Sarah Coffey of Peoria, Ill., is a typical 14-year-old. She goes to school, plays in her school's band and enjoys hanging out with her friends.
But what sets her apart from most other girls her age is that she has Type 1 diabetes.
What sets her apart even more is that her two younger siblings also have the disease known alternately as juvenile diabetes.
Doctors diagnosed Sarah three years ago. She was the last of the three children to get the news.

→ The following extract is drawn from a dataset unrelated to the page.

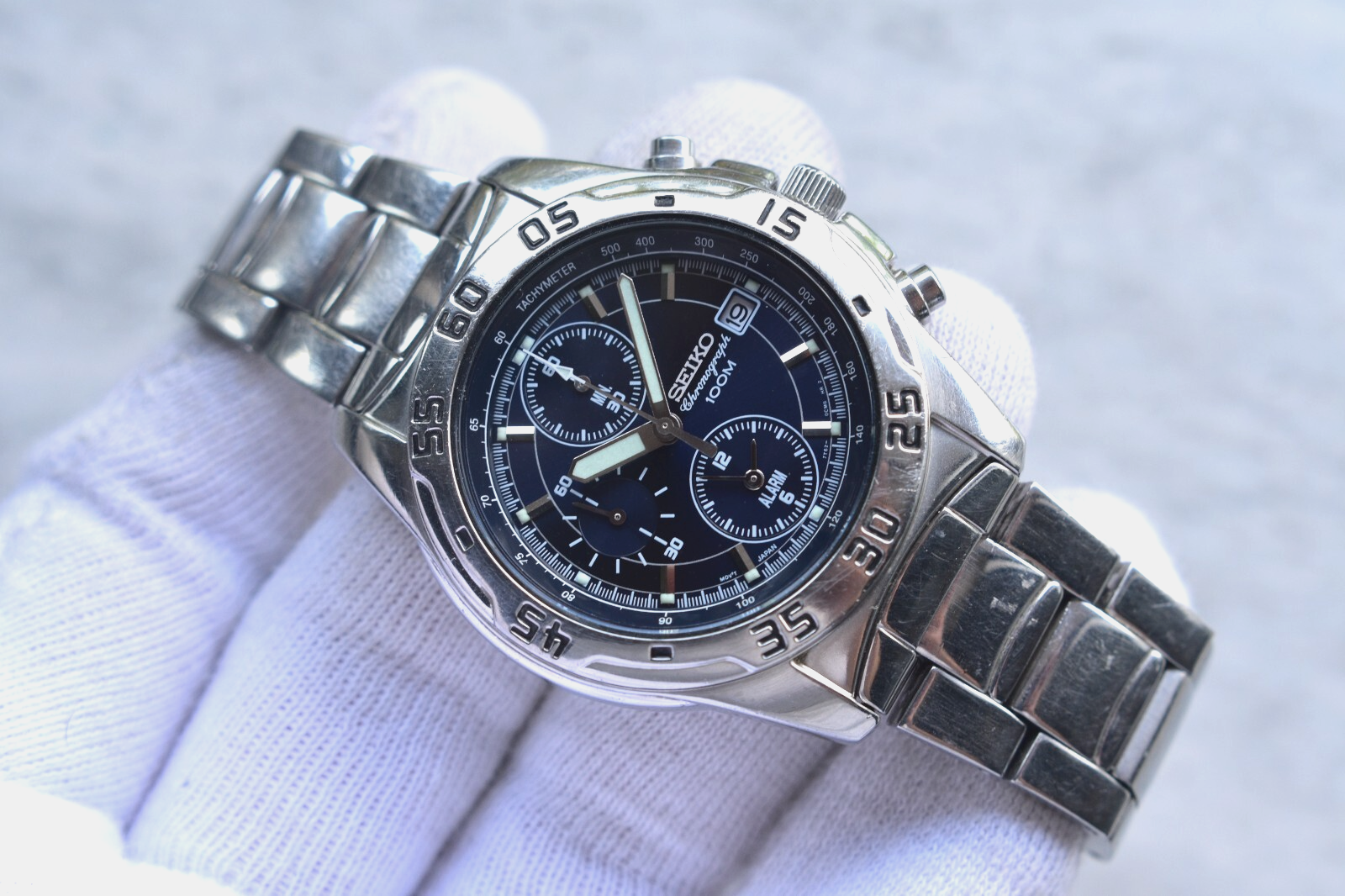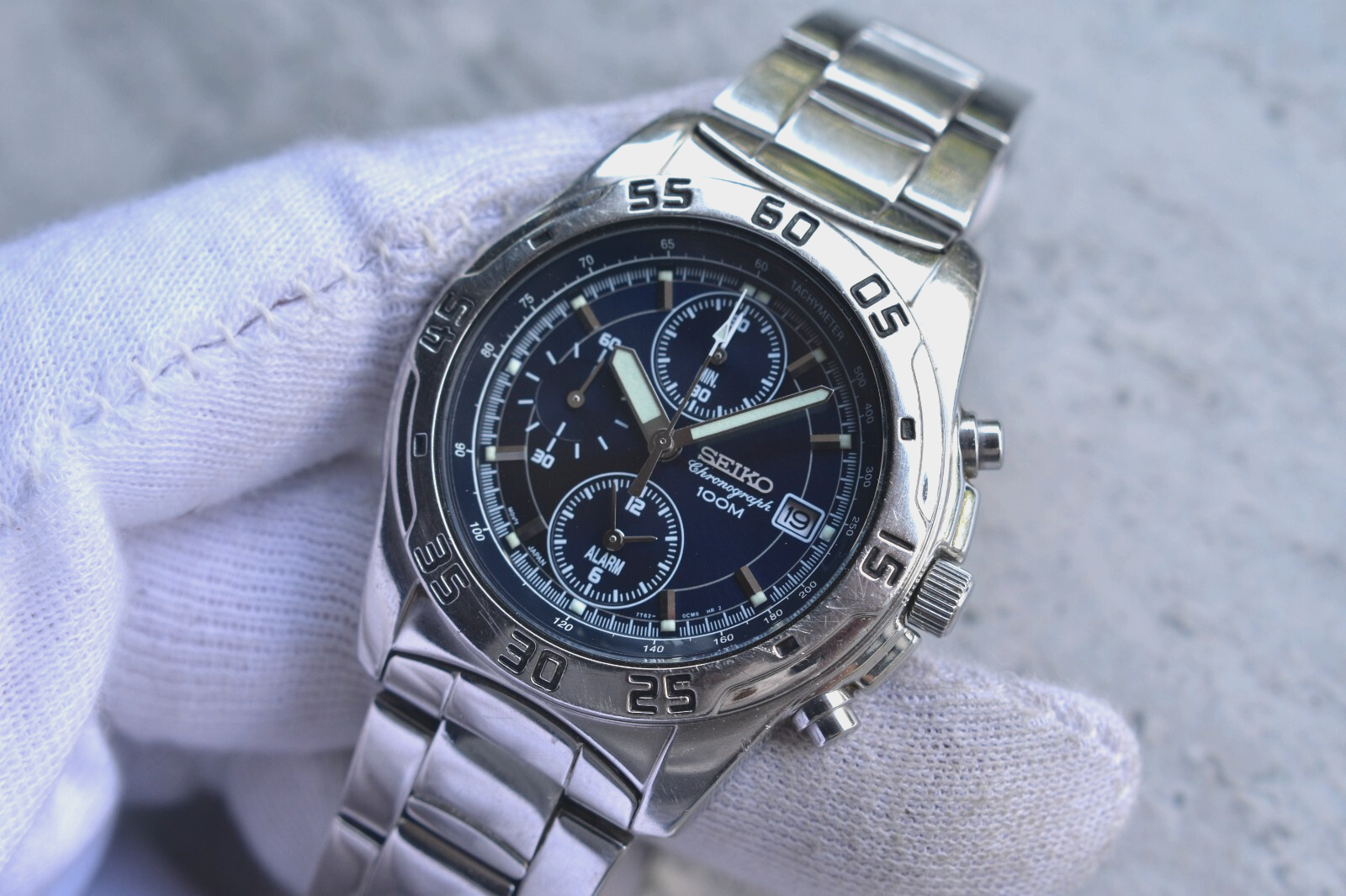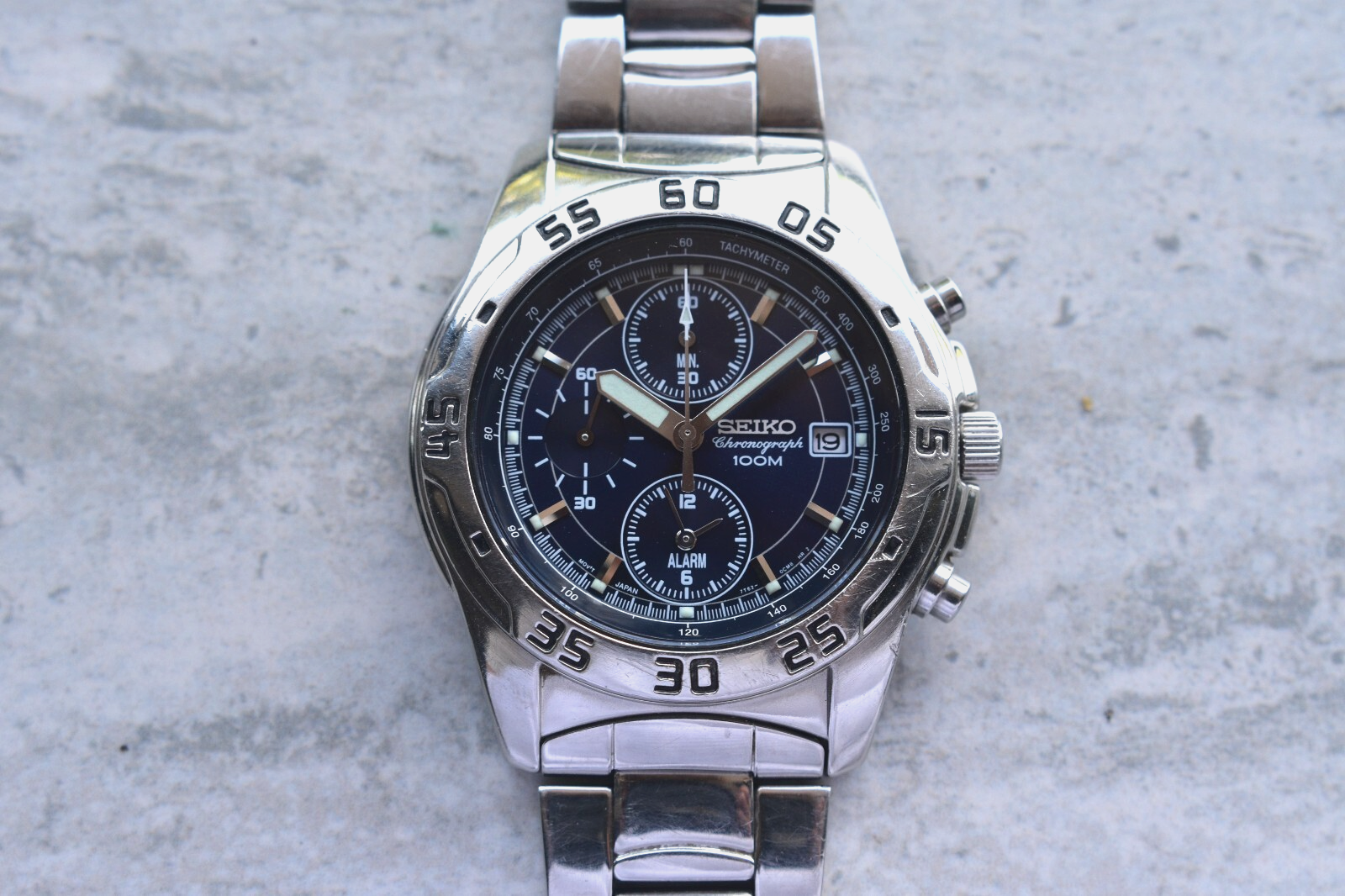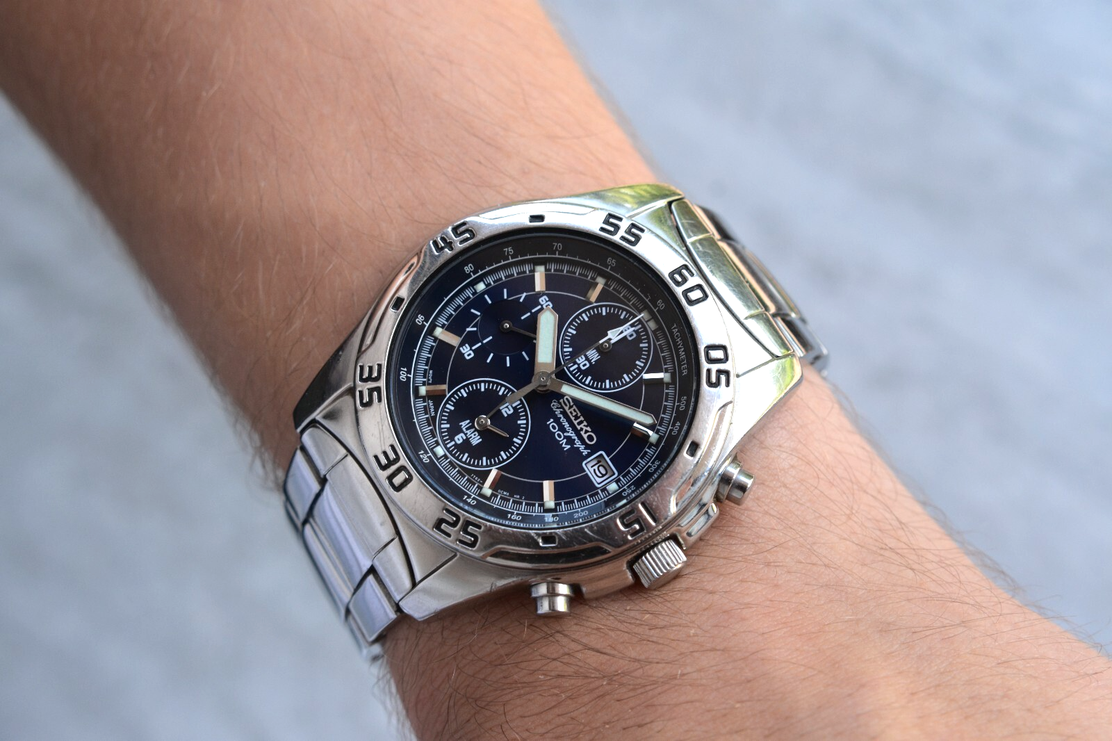 Seiko 100m Chronograph Blue Dial Date Men's Quartz Bracelet Rare Watch

"Sarah's diagnosis was the hardest to deal with, because it seemed so unlikely that it could happen," said Lori Coffey, Sarah's mother.

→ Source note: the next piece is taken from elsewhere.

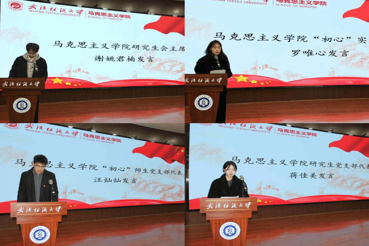 必赢贵宾会3003官网研究生会主席谢姚君楠、“初心”实践团团长罗唯心、“初心”师生党支部代表汪灿灿以及研究生党支部代表蒋佳美分别上台代表学生组织作年度总结报告。他们总结了过去一年各部门在学术交流、文体活动、志愿服务和学生综合素质提升等方面的成绩。同时,针对工作中的不足进行了反思,并对未来的工作提出了展望与规划。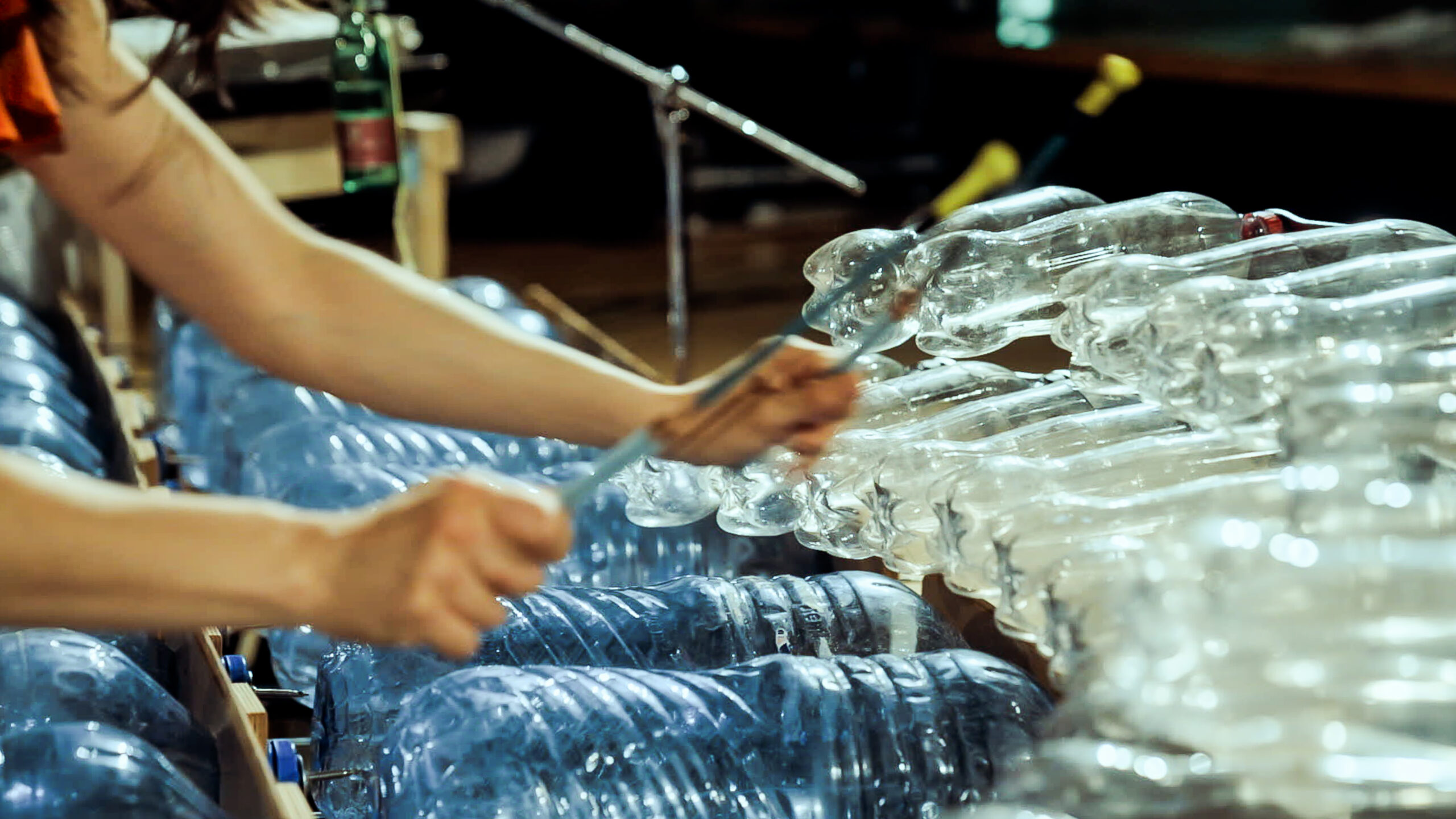 - Plastikflaschen Marimba – Recycling Concerto – Standbild aus der SWR Video Produktion – Credit SWR Kultur

That all the Coffey children have diabetes while their parents don't is indeed an anomaly.
"Five percent of the families we see have more than one child with diabetes. It's very unusual to get three," said Dr. Bruce Buckingham, professor of pediatric endocrinology at Lucile Packard Children's Hospital at Stanford in Palo Alto, Calif.
He has no affiliation with the Coffey family.
Emily Coffey, the middle child, now 11, was the first to be diagnosed with diabetes. She was two and a half years old at the time.
"She was still in diapers, and I noticed that her diapers were really, really full," Lori Coffey said. "That indicated to me that she was urinating more and I knew that was a symptom for Type 1 diabetes."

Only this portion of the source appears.